У подъезда его теснилось несколько крытых брезентом грузовиков. В кузов одного из них люди в желтых пластмассовых касках и зеленых рабочих костюмах грузили какие-то тюки, ящики и приборы в чехлах. Я остановился у машины, намереваясь спросить, куда мне обратиться.

Из черноты под брезентовым верхом высунулся человек с красным лицом и шишковатым носом.

— Чего стоишь! — грубо закричал он. — Подавай!

Моя зеленая выцветшая штормовка вполне могла сойти за прозодежду вулканолога. Сообразив это сразу, я не стал вручать верительных грамот, а бросился к груде вещей и ухватился за тюк побольше. Вместе с другими, быстро перекидав все в машину, я нырнул под спасительную сень брезента.

Грузовик рванулся в неизвестность…

Я сидел на скамье, водрузив ноги на тюки. Сильно болтало на поворотах и ухабах.

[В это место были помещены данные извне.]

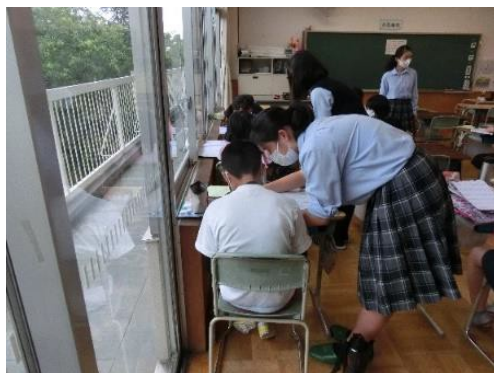
NATSUGAKU (学習指導) のお手伝いの様子 (高砂小学校にて)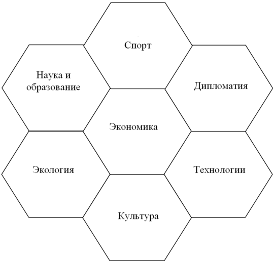
Рис. 2. Основные компоненты ресурсной базы «мягкой силы» страны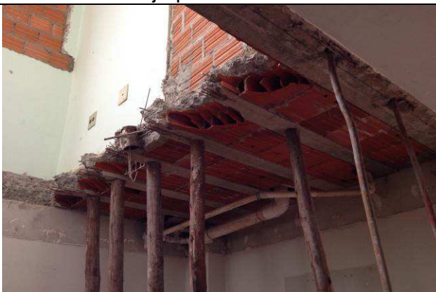
Figura 13C: Escoras mantidas para execução da demolição.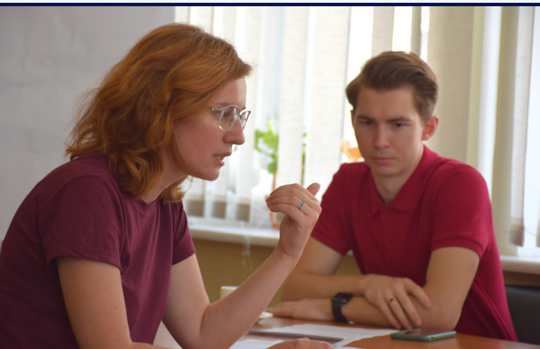
Фото-дайджест "Перехід до цифрового мислення"

©Інститут соціокультурного менеджменту 25000, офіс №1 (2 поверх), вул. Олега Ольжича, 75-а, м. Кропивницький, Україна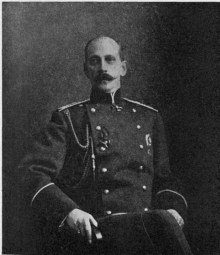
Его Императорское Высочество Великій Князь ПАВЕЛЬ АЛЕКСАНДРОВИЧЪ. Августѣйшій Шефъ 79-го пѣхотнаго Куринаскаго полка. (Т. XIV, стр. 406).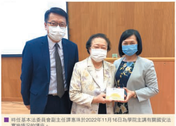
時任基本法委員會副主任譚惠珠於2022年11月16日為學院主講有關國安法實施情況的講座。

東華學院亦邀請資深政界人士主講學院講座，向學生分享國安教育的重要性。講者包括前立法會主席曾鈺成及時任基本法委員會副主任譚惠珠，他們分別主講以「與香港青年談國家安全及國家發展」及「一國兩制與港區國安法的實施情況」為題的學院講座。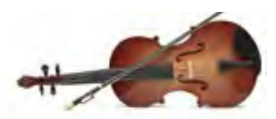
Empfohlene Luftfeuchte für Holzinstrumente: 40 - 65% r. F.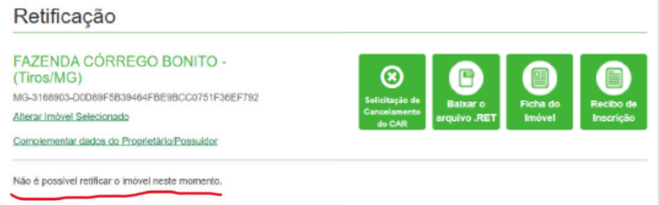
Figura 1: Situação do Imóvel no SICAR

Portanto as informações contidas no CAR atualmente não condizem com a realidade do Empreendimento , informa-se que assim que terminar o período de Análise será retificado o referido CAR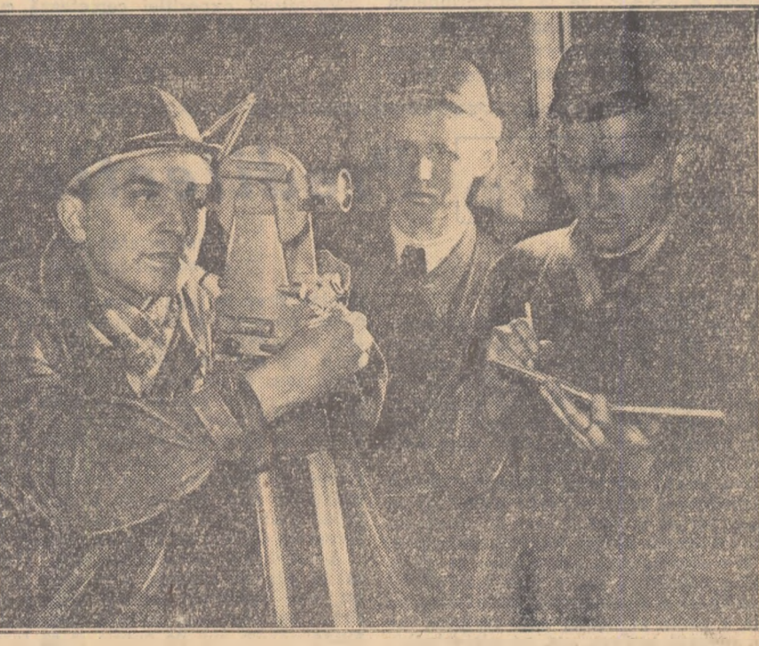
În minele din R. P. Polonă au fost create condițiuni cît mai bune de muncă prin folosirea tehnicii celei mai înaintate. Iată în clișeu trei tineri de la minele de fier „Dzbow” folosind un aparat special de măsurare.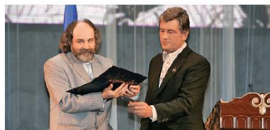
Під час вручення ордена «За заслуги»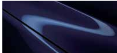
כחול קריסטל כהה (42M)

То и дело я съезжал со скамьи, упирался в тюки руками, потом меня бросало обратно на скамью, больно припечатывая спиной к борту кузова. Все в машине были заняты такими же попытками хоть как-то усидеть на месте и потому молчали. Из-под брезента была видна только дорога, которая быстро убегала, исчезая в сером мареве.

Последний ухаб, и машина встала. Кто-то спрыгнул и откинул задний борт. Соскочив, я увидел поблизости вертолет.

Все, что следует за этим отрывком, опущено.